China’s Belt and Road Initiative for entrenching debt and authoritarianism in Africa, highlights its failing infrastructure and political interference. Europe should use this opportunity leverage the Global Gateway initiative and build competitive, community-focused infrastructure as well as invest in Africa’s youth. This approach would transform Africa’s demographic challenge into an economic engine, fostering sovereignty and sustainable growth.
>> Kate Tully: In Africa, the Chinese Communist Party is making a geostrategic bid for resource dominance and political influence under their flagship Belt and Road initiative. Although Chinese President Xi Jinping touts the relationship between China and Africa as historically strong and resilient, the reality on the ground is marked by exploitation, debt, and dysfunction.

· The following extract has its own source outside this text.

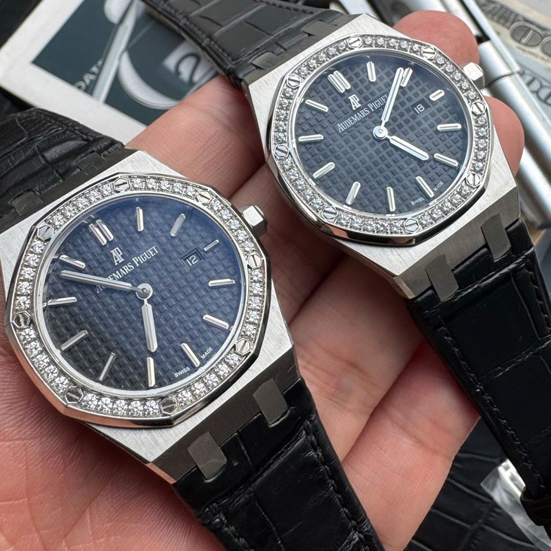 正品 vs V7 效果如图: V7厂爱彼皇家橡树系列 67651OR 女士石英腕表,卓越与经典的结合。一款象征奢华与工艺巅峰的经典手表。这款手表不仅仅是计时工具,更是一件艺术品。 纹理独特:表盘上镌刻有“grandetapisserie”大格纹装饰,这种格纹纹理细腻、规整且富有立体感,犹如精心编织的织物一般,为表盘增添了独特的视觉效果和艺术气息。 表径为33MM,这个尺寸对于女士腕表来说较为适中,既不会显得过于小巧而缺乏存在感,也不会因为过大而影响佩戴的舒适性和美观度,能够很好地贴合女性的手腕。 表壳厚度为7毫米,整体较为纤薄,使腕表佩戴起来更加轻盈,不会给手腕带来过多的负担。 皇家橡树67651延续了标志性的八角形表壳,展现了爱彼独特的工艺美学。每一处细节都经过精心雕琢,体现了品牌对完美的追求。 指针经典:采用皇家橡树指针,这种指针形状独特,宽大且线条流畅,具有较高的辨识度,与表盘的整体风格相得益彰,为腕表增添了一份优雅与大气。 搭配的皇家橡树指针同样具有夜光功能。指针的夜光涂层能够确保在光线不足的情况下,指针的轮廓和指向依然清晰可见,与夜光时标相互配合,进一步提高了时间的可读性。 表带的各个链节之间衔接紧密且自然。在打磨过程中,工匠对链节的连接部位进行了精细的处理,使得链节之间的过渡非常顺畅,没有明显的缝隙或高低差,整个表带宛如一个整体,佩戴起来舒适且美观。有钢带与美洲鳄鱼皮表带可供选择,均为原版开模。 67651为密闭表底,表底上镌刻皇家橡树系列的英文名称“Royal Oak”字样。搭载瑞士原装石英机芯784,精心打磨加工夹板工艺,更加接近原版设计。 V7厂爱彼皇家橡树系列不惜成本镶嵌世界最顶级的120切面施华洛顶级锆石,每一颗都攥刻有swarovski zirconia(用放大镜可看到,行业唯一一家),Swarovski zirconia是全球首款合成立方氧化锆,完全符合首屈一指的国际钻石评级权威GIA在评定钻石切割等级的综合标准,凭借无可比拟的璀璨光芒,可媲美钻石!整体效果已无限接近正品!可谓用心良苦,超高性价比带来的正品即视感为之点赞‼️ SWAROVSKI ZIRCONIA是全球首款合成立方氧化锆完全符合首屈一指的国际钻石评级权威,美国宝石协会(Gemological Institute of America,简称GIA)在评定钻石切割等级的综合标准。凭借无可比拟的璀璨光芒,SWAROVSKI ZIRCONIA已成为市场上最优质及最能与钻石媲美的合成立方氧化锆。完美饱和的色彩,精湛非凡的切工,源自施华洛世奇逾百年的精确切割经验,以及幻彩钻石的灵感启发。此外,已获专利的表面优化工序TCF (热熔着色技术),为SWAROVSKI ZIRCONIA缔造出鲜艳夺目的色彩;这项技术不但符合环保要求,更确保每颗宝石没有经过辐照处理,不含辐射。由此而来的合成立方氧化锆色彩持久之余,亦经得起日常使用的考验。 品质保证 V7厂每颗SWAROVSKI ZIRCONIA均刻有非肉眼可见的认证标记。以镭射镌刻的“SWAROVSKI ZIRCONIA”品质认证标志
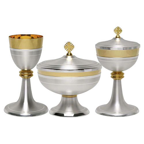 Chalice and ciborium in silver-plated brass with a sober, modern line. Chalice, covered ciborium and low ciborium are Made in Italy and feature a matte silver-plated brass finish, while the knot is smooth and polished in gold-toned brass, creating an elegant contrast. The upper rim of the chalice and both ciboria is trimmed with a polished golden-brass band that adds brightness and continuity to the design. The covered ciborium is completed by a simple, well-defined stylized golden cross; the low ciborium reproduces the same workmanship and style as the main piece, ensuring uniformity across the set. A harmonious and versatile ensemble, suitable for any altar and for every Eucharistic celebration. Dimensions: Chalice 20.5 cm height, 9 cm cup diameter. Ciborium 23 cm height, 12 cm cup diameter. Low Ciborium 15.5 cm height, 14 cm cup diameter. Care instructions: wipe with a soft, dry cloth; do not use abrasive products that may damage the surface.

As Europe seeks to rekindle its engagement with the continent through its Global Gateway Initiative, it must avoid repeating China's mistakes. Chinese state-owned mining and oil conglomerates have indeed successfully captured large swaths of Africa's rare earth, minerals, and energy reserves. The CCP has also mounted an extensive campaign of interference into Africa's political ecosystems to cultivate an acquiescent governing class in Africa that securitizes Chinese state power and economic interests.
Through training, schools, party-to-party exchanges, and the distribution of facial recognition technology, the Chinese Communist Party is helping cement African authoritarianism while regressing freedom and democratic governance on the continent. This is not a new playbook. A century ago, French colonialism in West Africa used centralized control, elite capture, state-driven mercantilism, and extractive economies to subjugate the continent.

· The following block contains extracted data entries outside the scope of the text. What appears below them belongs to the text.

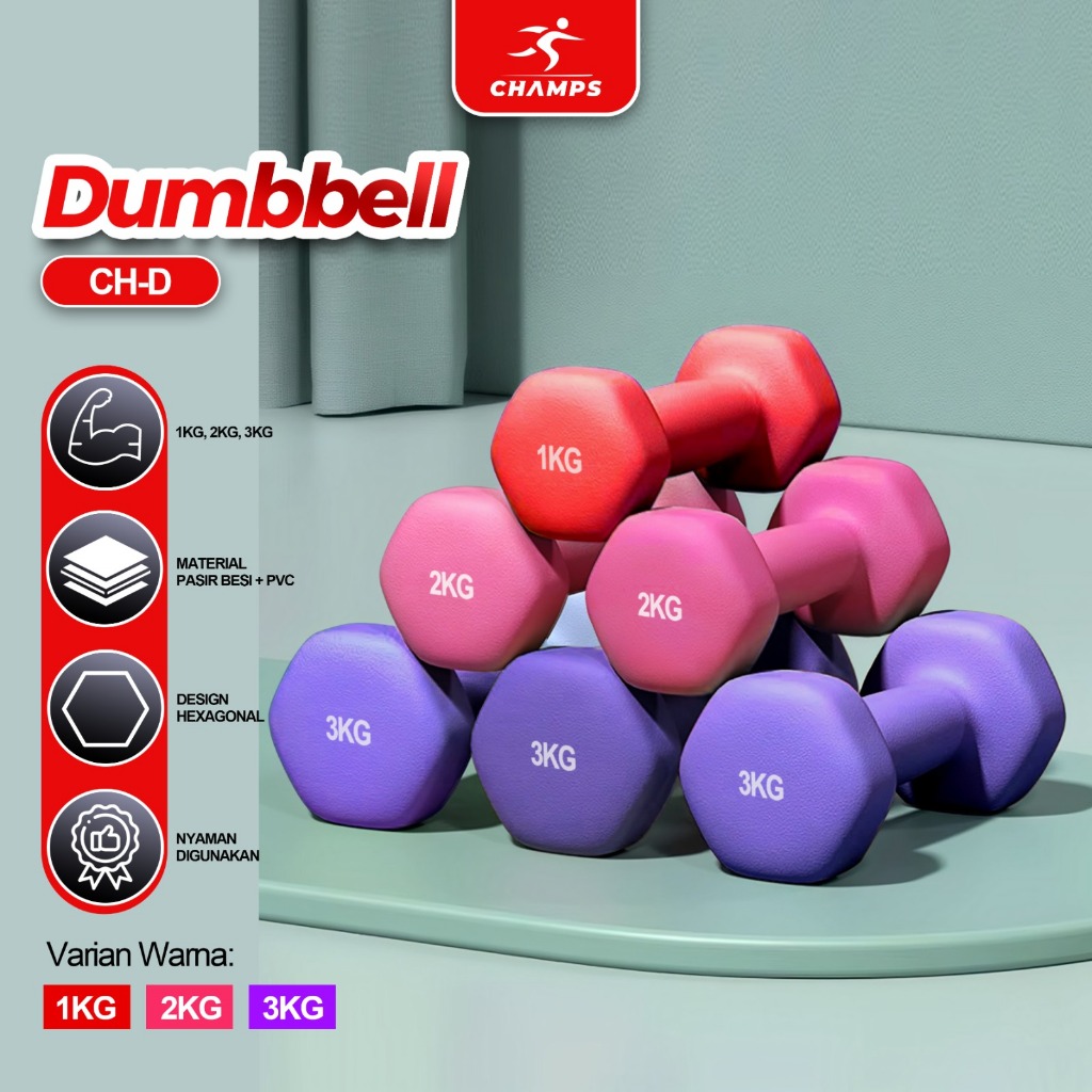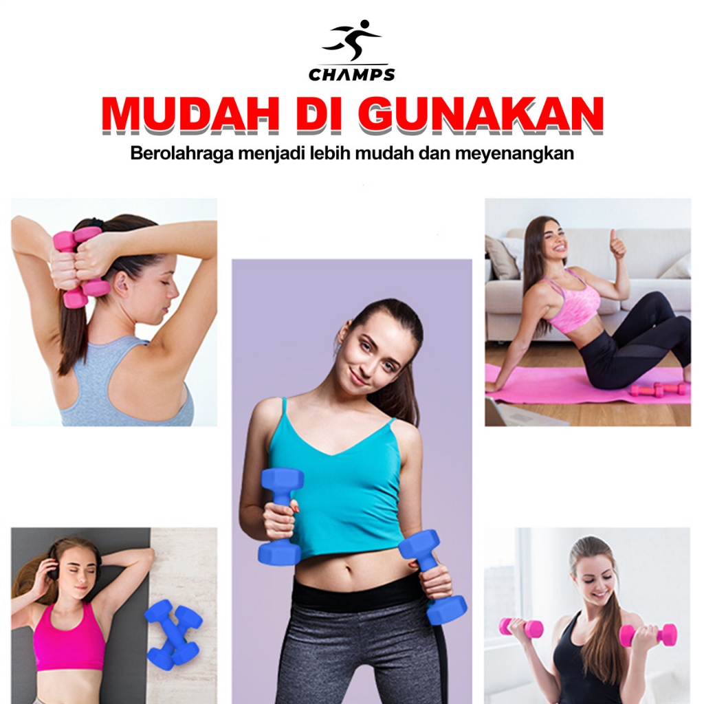 BOARD STORE CHAMPS Dumbell Murah Anti Slip – Barbel 1-3KG Vinyl Alat Gym di Rumah Ringan untuk Senam & Latihan Harian
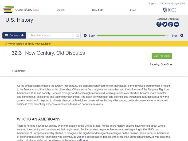 As the United States entered the twenty-first century, old disputes continued to rear their heads. Some revolved around what it meant to be American and the rights to full citizenship. Others arose from religious conservatism and the...
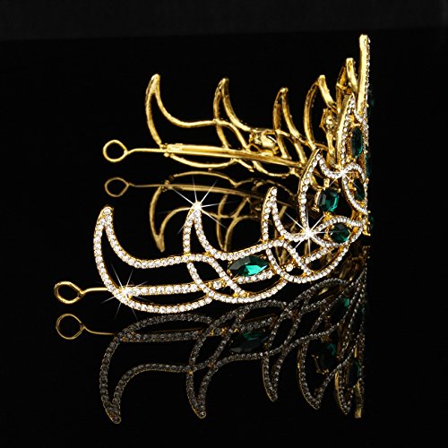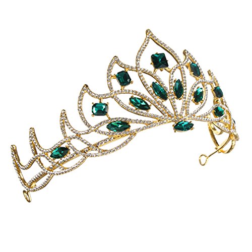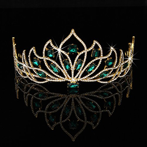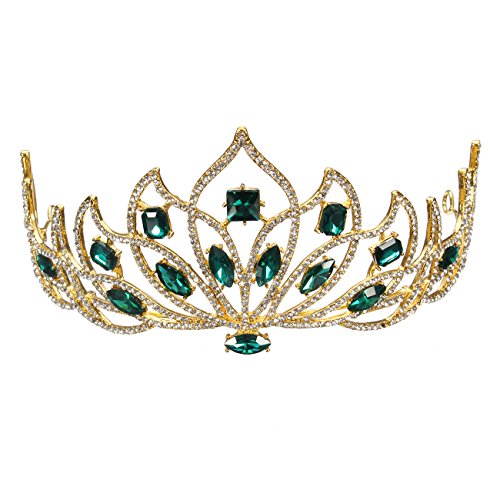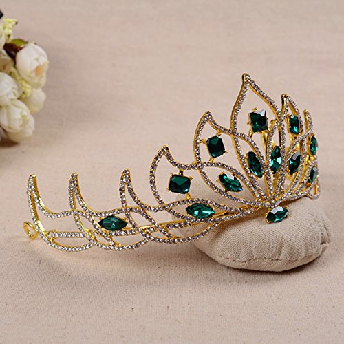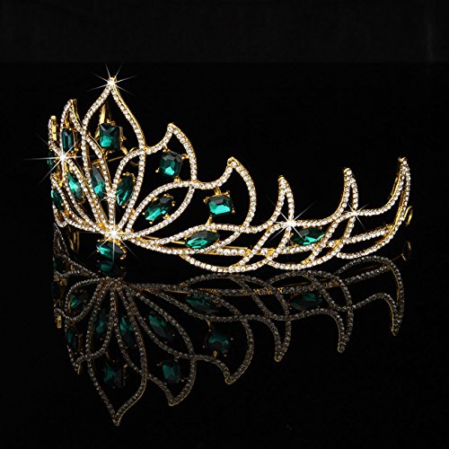 Bride Gold Green Rhinestone Crystal Tiara Crown Princess Queen Wedding Bridal Party Headpiece
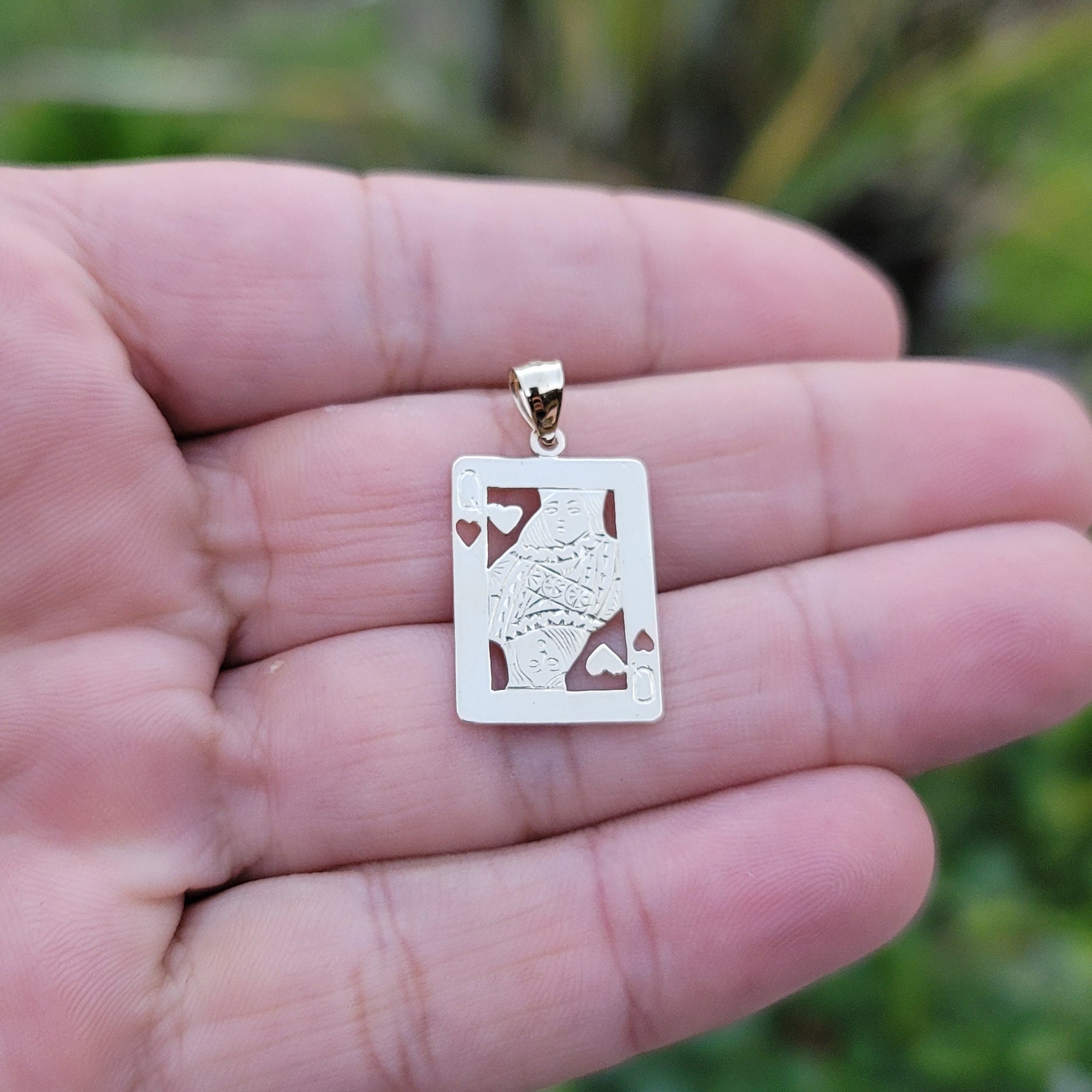 10K, 14K or 18K Gold Playing Cards, Queen Of Hearts Pendant

China is doing the same today, only under the guise of development coordination. But the Chinese model is unraveling. Chinese-built railways sit idle or hemorrhage money. African governments are mired in opaque resource-backed debt. Instead of delivering development, China is regressing democratic governance and sovereignty. Here lies the opportunity.
China's missteps offer the West, especially Europe, a lesson in what not to do. It must reject extractive development, predatory debt schemas, and elite manipulation in favor of transparent people-centered collaboration that empowers and strengthens African institutions and people. China has missed a key opportunity to invest in Africa's greatest asset, its people.

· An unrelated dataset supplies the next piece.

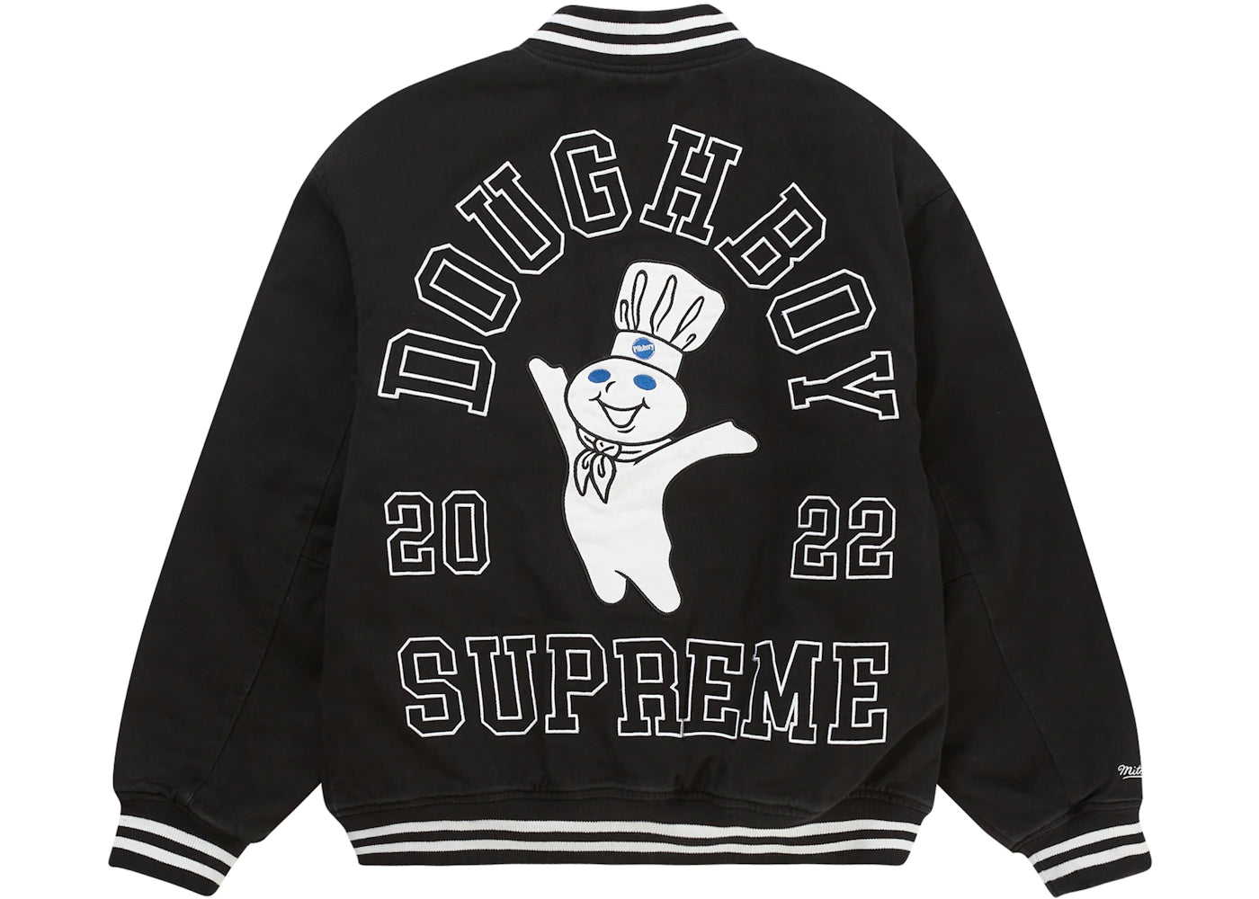 The Supreme Mitchell & Ness Doughboy Twill Varsity Jacket Black is now available at Side Kicks!
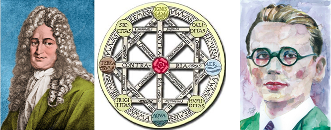 Left image: “Gottfried Wilhelm Leibniz, German Mathematician.” Source: Science Photo Library. Middle image: “Diagram of the Characteristica Universalis.” Source: Wikimedia Commons. Right image: KURT GODEL (Watercolor on Paper) by LAUTIR. Source: Saatchi Art.

By 2050, Africa's population is projected to reach 2.5 billion. Presently, African countries do not have the job training or skills development infrastructure to accommodate the upcoming population boom. This would likely cause a migration crunch into Europe, causing social unrest and destabilization. But if Europe acts now, it can turn today's demographic challenge into tomorrow's economic engineering.
The EU should also build better infrastructure by bidding projects competitively, hiring local African workers and ensuring that development serves the community, not foreign creditors. This is not a competition of projects, it's a contest of paradigms. Africa doesn't need another empire; it needs a partner. Europe can play this role if it learns from China's mistakes and chooses partnership over patronage.
ABOUT THE SPEAKER
Kate Tully is a Hoover History Lab student researcher and Director’s Office intern at the Hoover Institution. She is a senior at Stanford University studying political science with concentrations in governance and international relations. Her research focuses on authoritarian actors, colonialism, and geopolitical competition in Africa. She is currently completing an honors thesis on autocratic coups in the West African Sahel. Kate is the recipient of a Rhodes Scholarship to study at Oxford University, where she will pursue a master’s degree in International Relations.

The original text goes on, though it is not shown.